The present invention relates to a heat generating device that burns vaporized gas of liquid fuel or gaseous fuel. Generally speaking, liquid fuel is combusted by bundling cellulose materials such as cotton, glass wool, or asbestos, or by sucking it up with a so-called "core" made of textiles, etc., and using a separate ignition source at the tip of the core material. A method in which a part of the fuel sucked up is vaporized and combusted, and the next fuel is vaporized and combusted using that heat to continue combustion, or a separate method in which the fuel is ejected in the form of a spray. A commonly used combustion method is one in which a combustion flame with a large calorific value is obtained by ignition using a provided ignition source. However, while the combustion method described above produces a relatively large amount of heat, it requires a larger combustion device and the need to be equipped with an ignition source.
It has many disadvantages, such as the high risk of inducing a flame due to the generation of flames, and the inability to obtain inexpensive equipment that allows continuous combustion for long periods of time by completely combusting minute amounts of heat. It was difficult to burn it efficiently. The present invention is a heat generating device developed in view of the above, which is small and lightweight, can burn safely for a long time, and burns fuel efficiently. Hereinafter, embodiments of the present invention will be specifically described in detail with reference to the drawings. FIG. 1 is a basic configuration diagram of the device of the present invention, in which 1 is a fuel tank for storing fuel 2, 3 is a fuel outlet porous body arranged so that its lower part is immersed in the fuel 2, and this fuel outlet porous body is Body 3 is 50 per square inch
Porous with ~500 pores
It is composed of a bundle of ceramics, asbestos, glass wool, carbon fiber, etc.

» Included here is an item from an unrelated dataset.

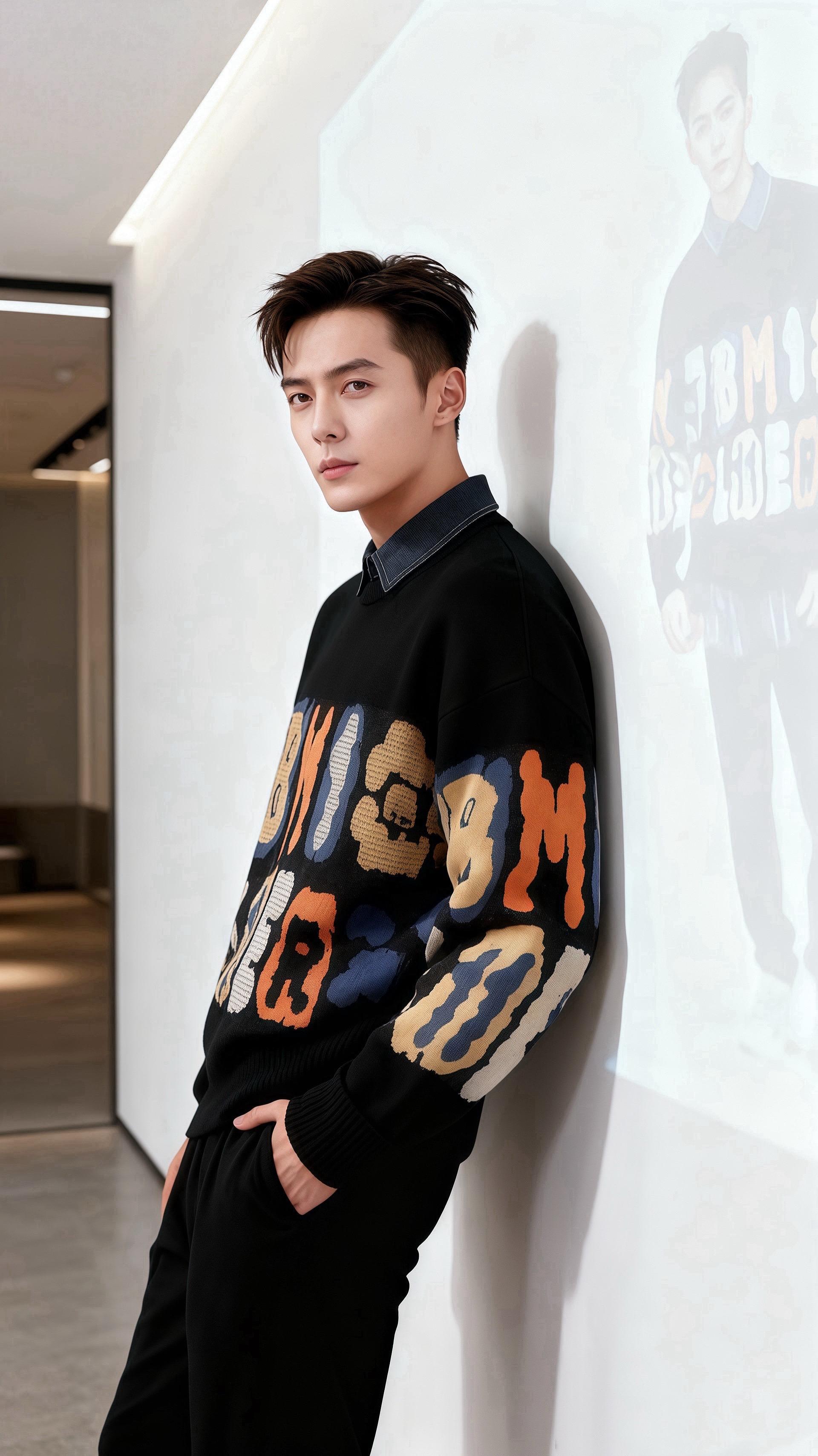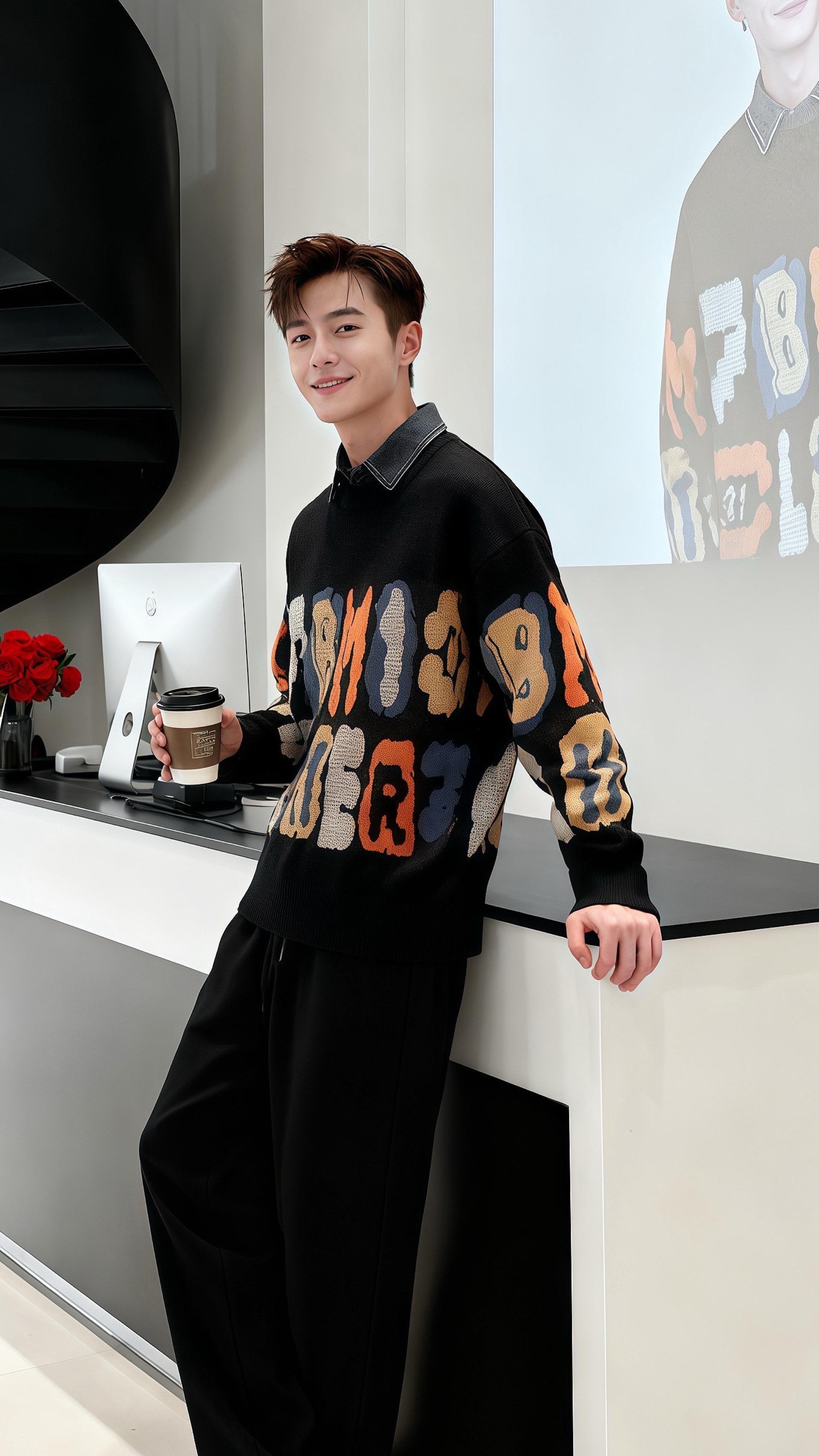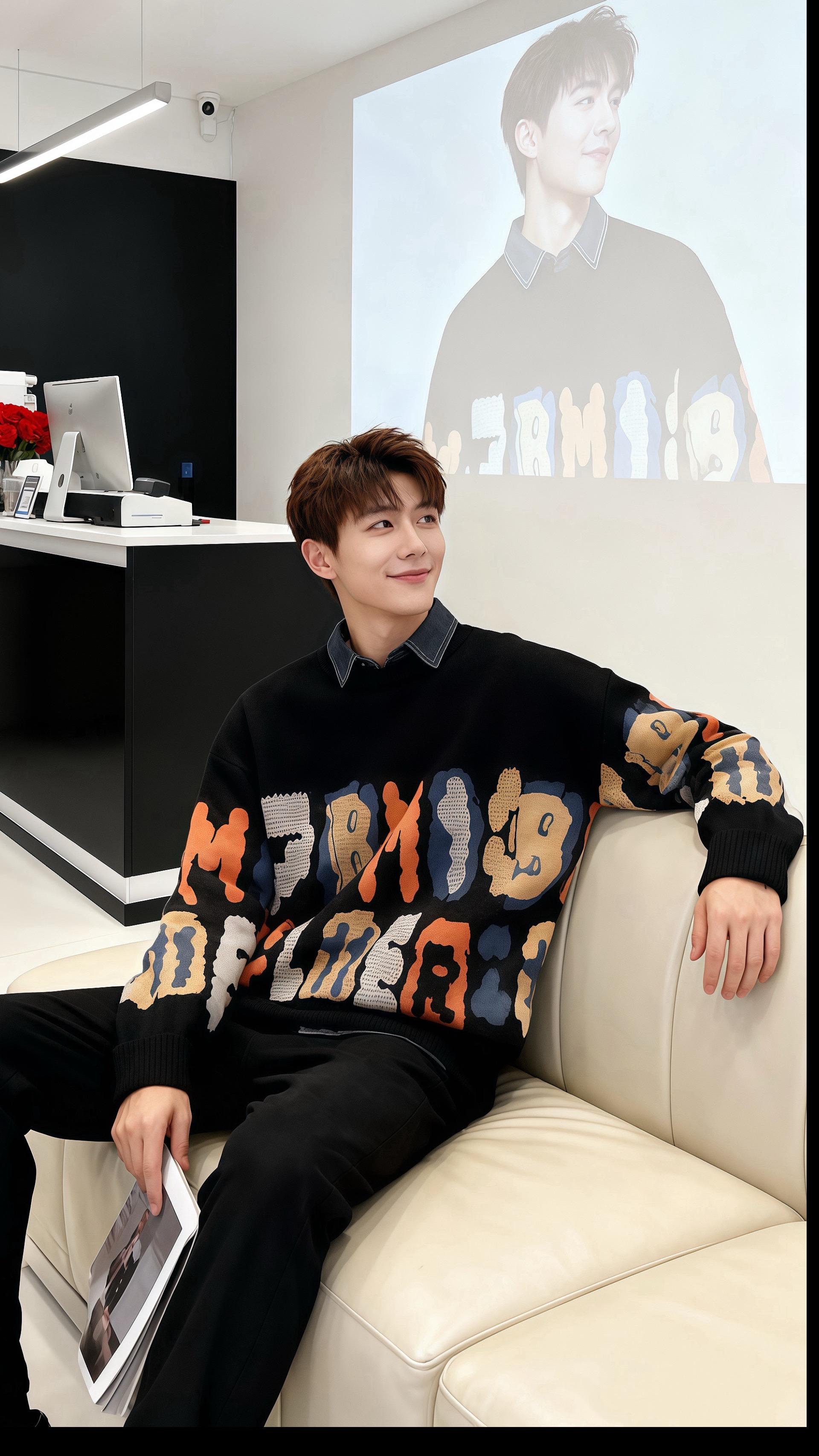 在一家设计感十足的艺术空间里,皓明穿着那件充满个性的黑色毛衣,站在黑白配色的柜台旁。他的侧背发型干净利落,脸上带着自信的微笑,仿佛在告诉自己:今天的努力,都是为了明天的绽放。

Further, numeral 4 is a shutter for adjusting the amount of fuel delivered from the fuel deriving porous body 3 or for stopping the supply. Reference numeral 5 denotes a ceramic porous body, and the ceramic porous body 5 may be a honeycomb-shaped body with a large number of pores such as triangular, square, hexagonal, or circular, or a three-dimensional net-like body with irregularly shaped pores. It is sufficient that the pores are connected and the ventilation resistance is relatively small.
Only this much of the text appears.